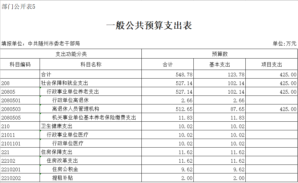 ??第三部分??中共隨州市委老干部局2020年部門預算表
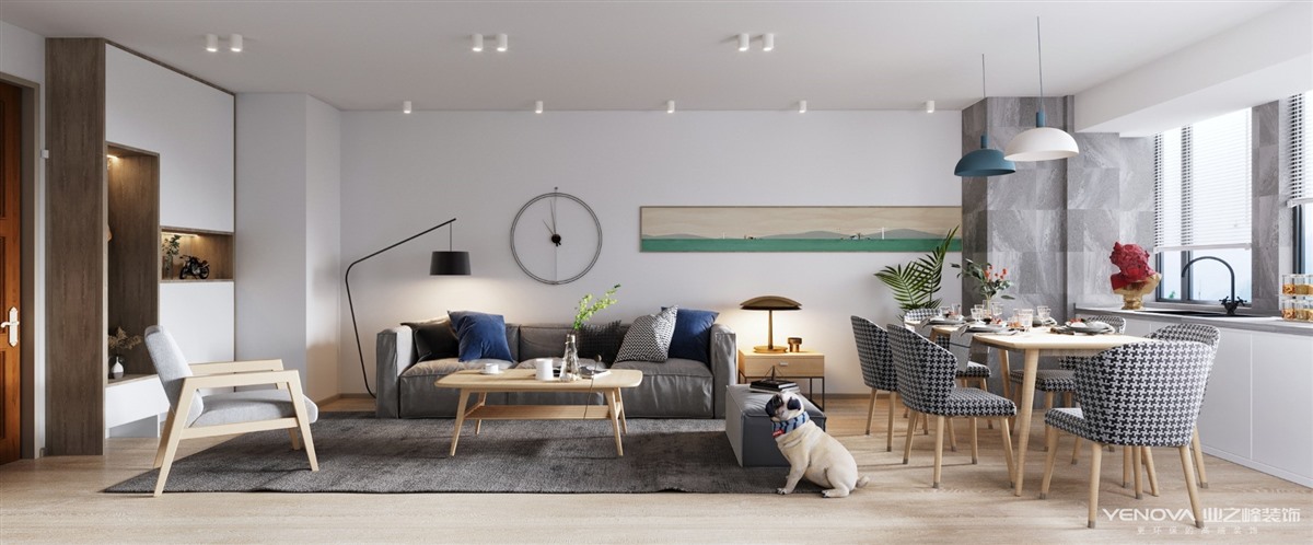 此户型是两个LOFT构成的220平米三房两厅一厨二卫的户型。业主是一家四口,夫妻俩带一个小孩和一个老人。业主对生活品质和收纳储物空间有非常高的要求,另外要求每个空间都比较大,干净整洁,功能完整,色彩协调统一,合理利用空间,设计布局完善。在原始结构可改动的情况下把一楼的两个房间合成一个房间,两个客厅合为一个,拆除其中一个厨房,一部分面积用于餐厅,另外一个厨房向原客厅扩,这样厨房就比较大,满足家人做饭空间的舒适性。
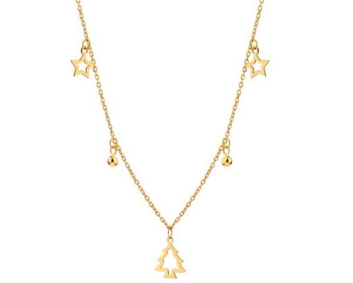 Naszyjnik srebrny – choinka, gwiazdy, kulki – AP533-8035. Srebro pozłacane

※ ※ ※

▶ **WORK TASK**
Everything from the line containing "此户型是两个LOFT构成的2" to the last line of the listing above must be reproduced exactly, with no pictures included.

▶ **RESULT OF THIS TASK**
 此户型是两个LOFT构成的220平米三房两厅一厨二卫的户型。业主是一家四口,夫妻俩带一个小孩和一个老人。业主对生活品质和收纳储物空间有非常高的要求,另外要求每个空间都比较大,干净整洁,功能完整,色彩协调统一,合理利用空间,设计布局完善。在原始结构可改动的情况下把一楼的两个房间合成一个房间,两个客厅合为一个,拆除其中一个厨房,一部分面积用于餐厅,另外一个厨房向原客厅扩,这样厨房就比较大,满足家人做饭空间的舒适性。
 Naszyjnik srebrny – choinka, gwiazdy, kulki – AP533-8035. Srebro pozłacane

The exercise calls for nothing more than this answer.